Supreme Court of Pakistan

Tassaduq Hussain Jillani (born 6 July 1949) is a Pakistani judge who served as the 21st Chief Justice of Pakistan from 2013 to 2014. He previously served as a justice of the Supreme Court of Pakistan from 2004, after being nominated as a justice of the Lahore High Court by Prime Minister Benazir Bhutto in 1994.

Born in Multan, Jillani was educated at Forman Christian College and University of the Punjab. He served as Advocate General Punjab in 1993 before his elevation as judge. While seated on the Supreme Court, Jillani refused to take oath under General Pervez Musharraf during emergency rule in 2007, and his post was rendered nonfunctional. After the Lawyers' Movement, he was restored to the bench in 2009.

Considered a progressive judge, Jillani was a strong proponent of civil liberties and fundamental rights, authoring landmark decisions on women's rights, honour killings, and the right to education. He also authored the suo moto decision on the protection of minorities and freedom of religion after the Peshawar church attack in 2013, widely held as the broadest interpretation of religious freedom laws in Pakistan's history.

His name was proposed for caretaker prime minister by opposition party Pakistan Tehreek-e-Insaf in 2018.

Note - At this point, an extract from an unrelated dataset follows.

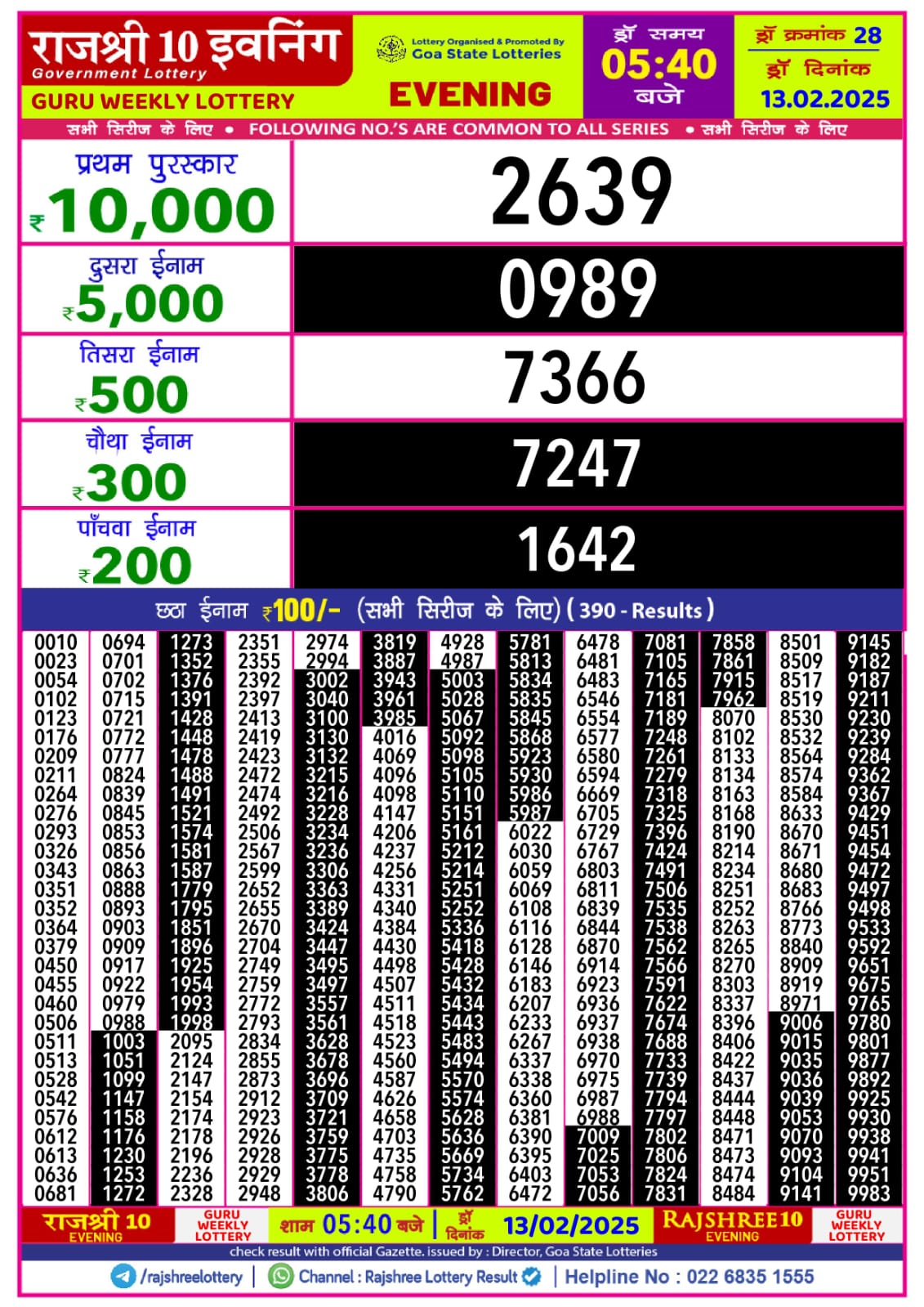 राजश्री 10 लाटरी का का शाम 5.40 बजे का रिज़ल्ट दिनांक 30.9.25

==Early life and education==

Tassaduq Hussain Jillani was born in Multan, Pakistan. After graduating from high school, Jillani attended Government Emerson College Multan and Forman Christian College University, where he earned BA and MS degrees in political science. He then gained a Bachelor of Laws from the Punjab University. On a Higher Education Commission scholarship, Jillani later completed a course in constitutional Law from the Institute of Advanced Legal Studies of the London University.
Jillani was honoured with a "Doctorate in Humane letters" from Southern Virginia University in a special convocation on 12 October 2007.

==Legal career==
After completing his studies, Jillani started his law practice in 1974, in the district courts of Multan. After enrolling as an advocate at the Lahore High Court, he was elected General Secretary of the Lahore High Court Bar Association in 1976, and became a member of the Punjab Bar Council in 1978.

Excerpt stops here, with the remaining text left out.